Stored entries
────────

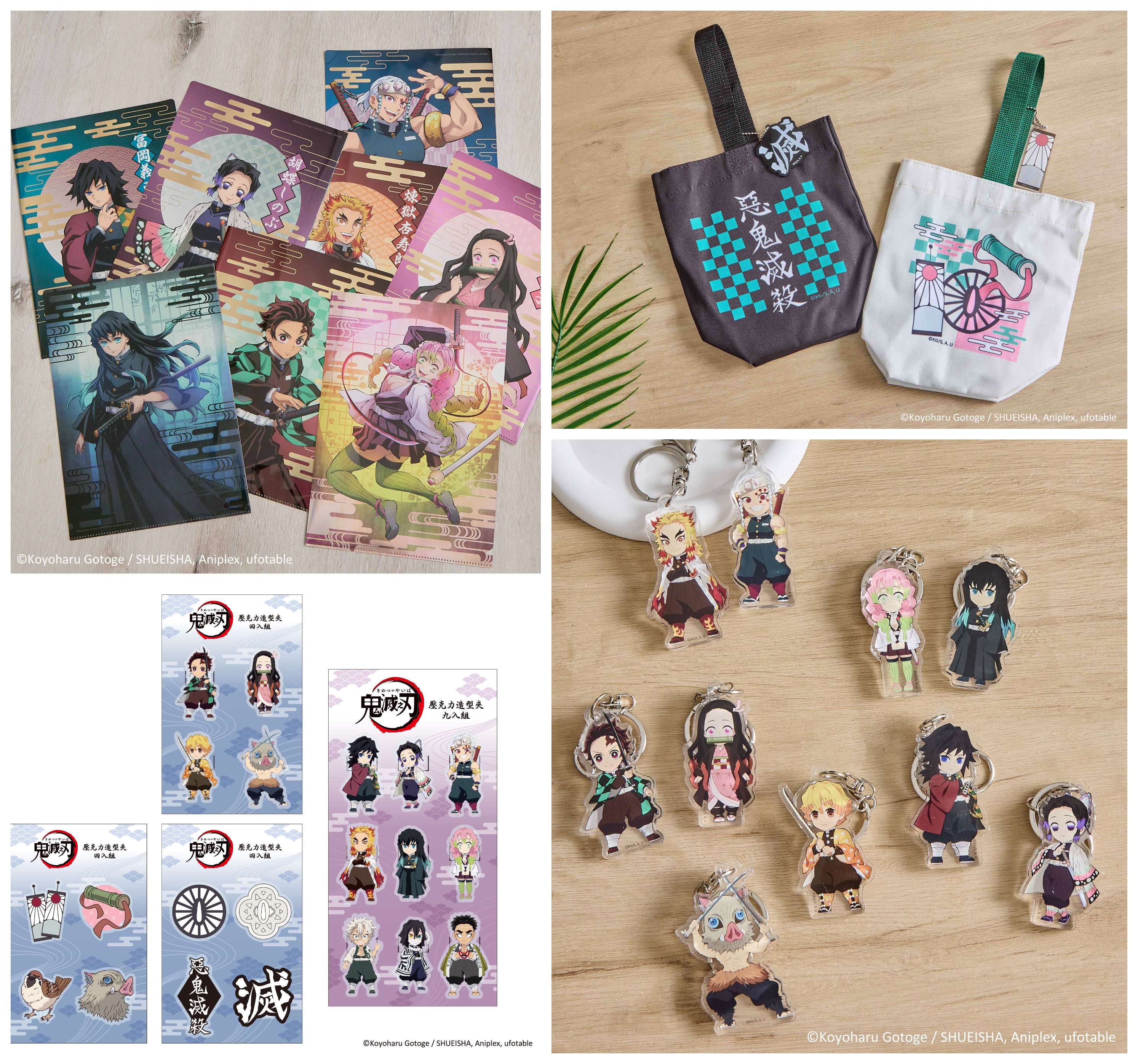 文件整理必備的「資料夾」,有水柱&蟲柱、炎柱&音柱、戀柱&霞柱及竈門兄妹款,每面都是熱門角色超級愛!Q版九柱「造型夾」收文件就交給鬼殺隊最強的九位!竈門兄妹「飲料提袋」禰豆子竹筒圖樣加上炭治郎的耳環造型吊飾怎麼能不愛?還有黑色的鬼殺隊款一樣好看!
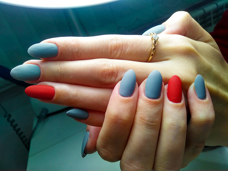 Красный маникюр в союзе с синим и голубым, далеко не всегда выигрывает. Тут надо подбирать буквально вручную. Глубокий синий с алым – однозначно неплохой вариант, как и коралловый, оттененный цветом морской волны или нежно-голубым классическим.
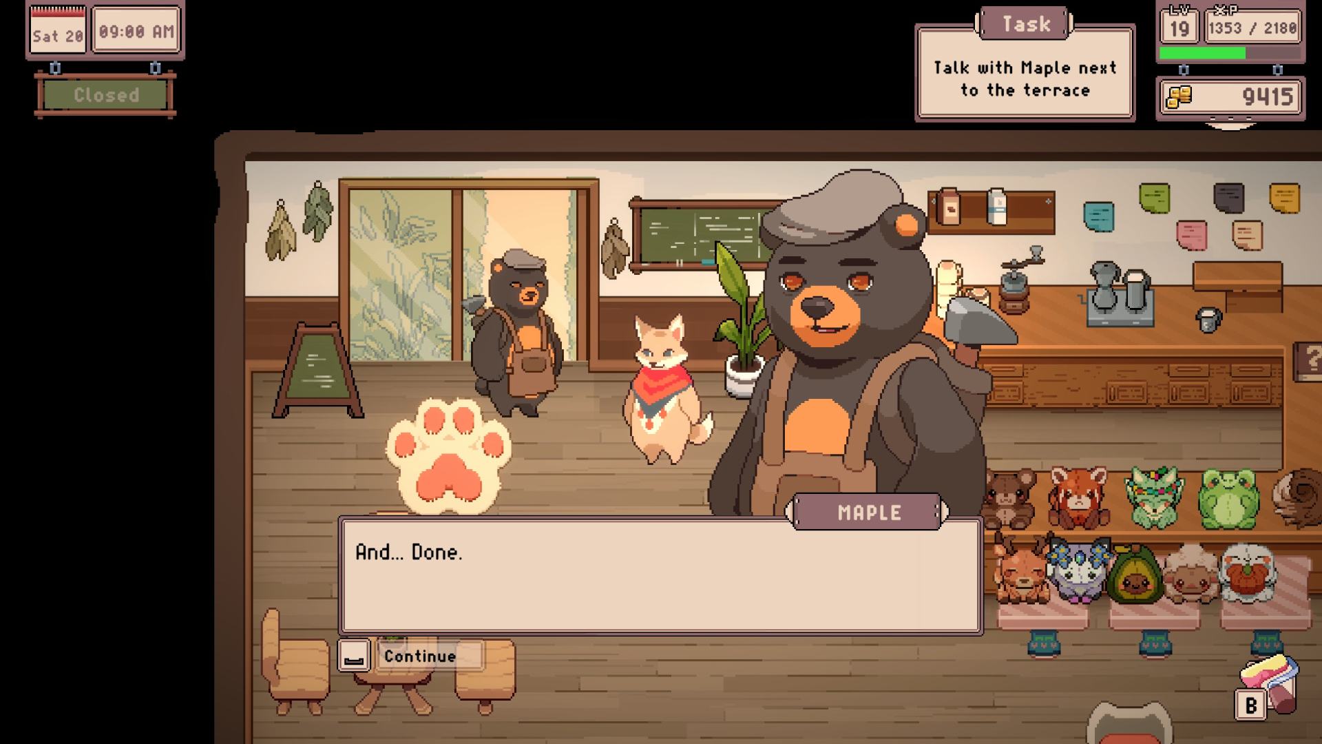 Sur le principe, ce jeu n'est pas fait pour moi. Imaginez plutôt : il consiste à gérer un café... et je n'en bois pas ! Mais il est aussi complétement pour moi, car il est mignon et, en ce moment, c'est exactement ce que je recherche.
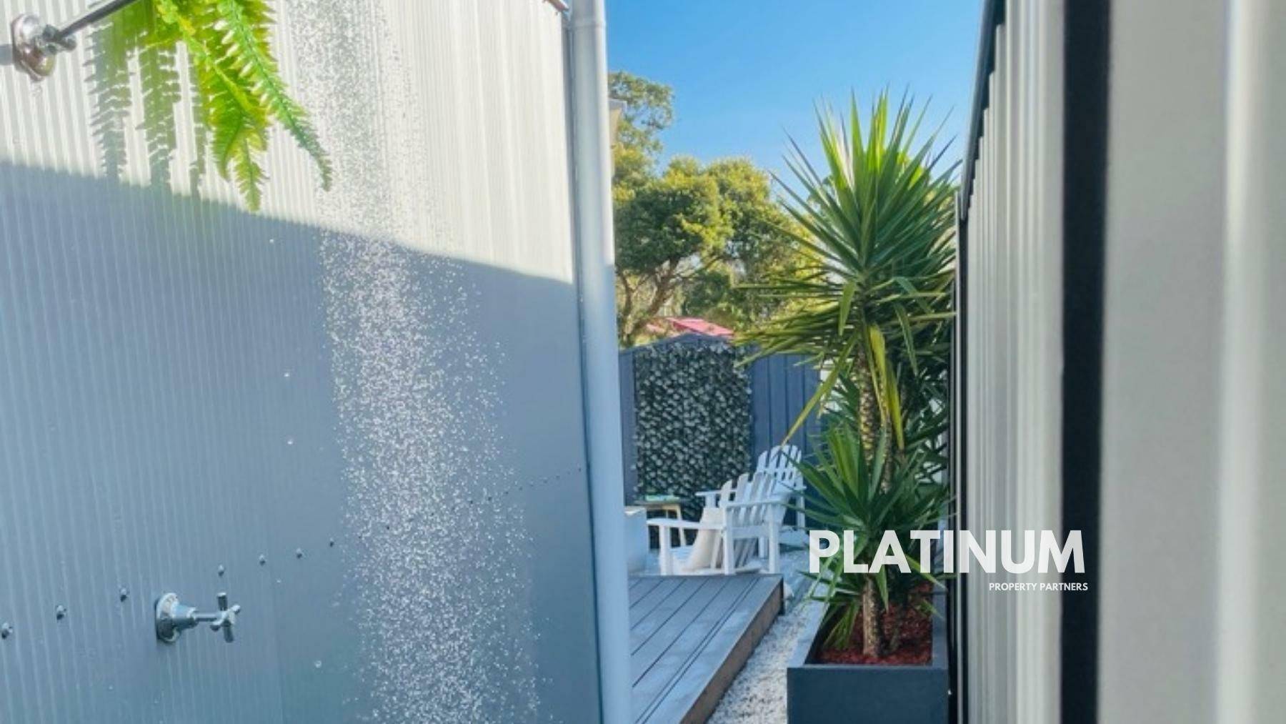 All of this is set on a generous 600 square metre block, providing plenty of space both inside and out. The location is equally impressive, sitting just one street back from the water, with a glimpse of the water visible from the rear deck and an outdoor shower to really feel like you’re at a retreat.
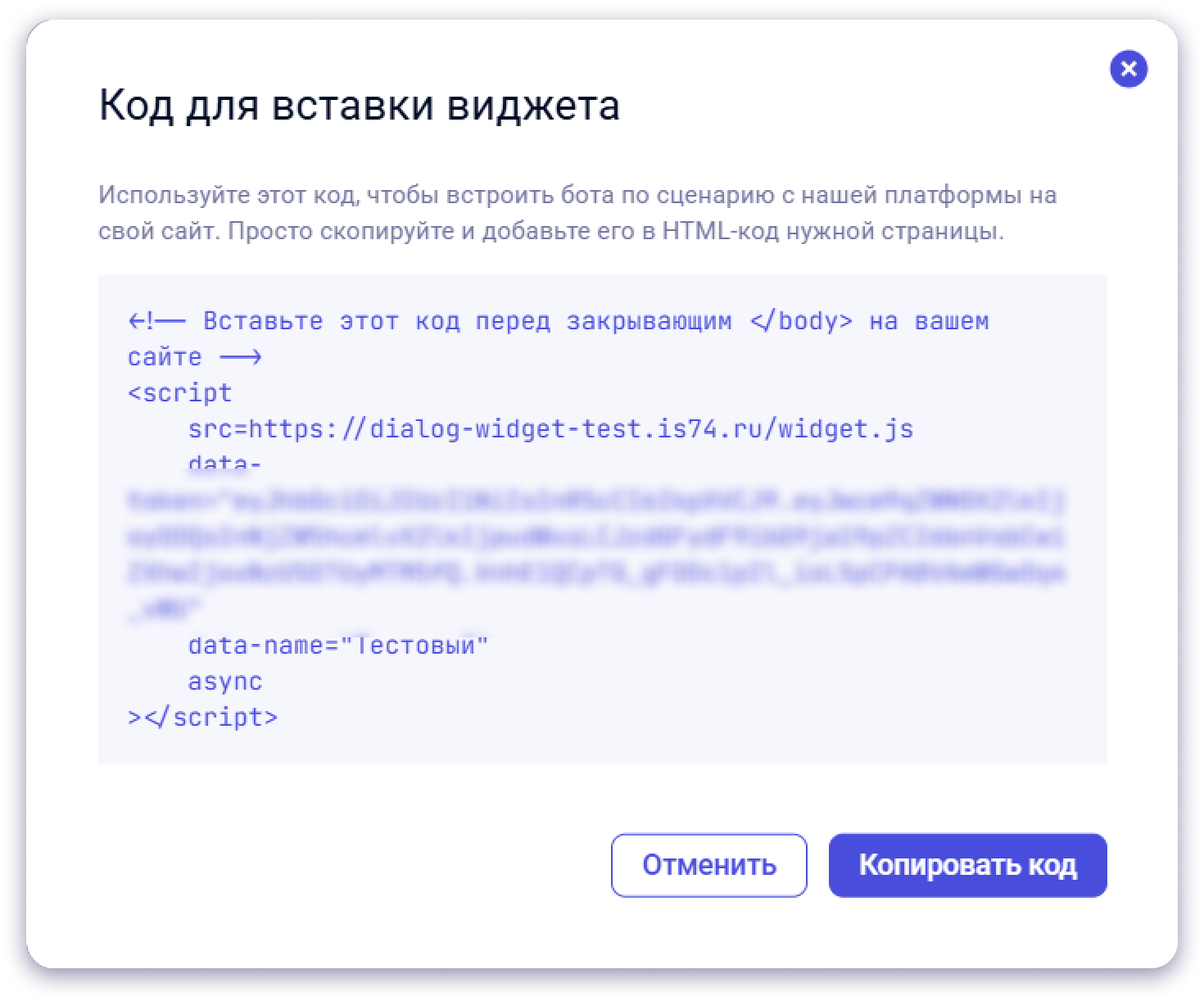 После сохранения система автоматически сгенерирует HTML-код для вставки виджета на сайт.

────────

Exercise objective: Transcribe every entry word for word, excluding images.

Response to this task:
 文件整理必備的「資料夾」,有水柱&蟲柱、炎柱&音柱、戀柱&霞柱及竈門兄妹款,每面都是熱門角色超級愛!Q版九柱「造型夾」收文件就交給鬼殺隊最強的九位!竈門兄妹「飲料提袋」禰豆子竹筒圖樣加上炭治郎的耳環造型吊飾怎麼能不愛?還有黑色的鬼殺隊款一樣好看!
 Красный маникюр в союзе с синим и голубым, далеко не всегда выигрывает. Тут надо подбирать буквально вручную. Глубокий синий с алым – однозначно неплохой вариант, как и коралловый, оттененный цветом морской волны или нежно-голубым классическим.
 Sur le principe, ce jeu n'est pas fait pour moi. Imaginez plutôt : il consiste à gérer un café... et je n'en bois pas ! Mais il est aussi complétement pour moi, car il est mignon et, en ce moment, c'est exactement ce que je recherche.
 All of this is set on a generous 600 square metre block, providing plenty of space both inside and out. The location is equally impressive, sitting just one street back from the water, with a glimpse of the water visible from the rear deck and an outdoor shower to really feel like you’re at a retreat.
 После сохранения система автоматически сгенерирует HTML-код для вставки виджета на сайт.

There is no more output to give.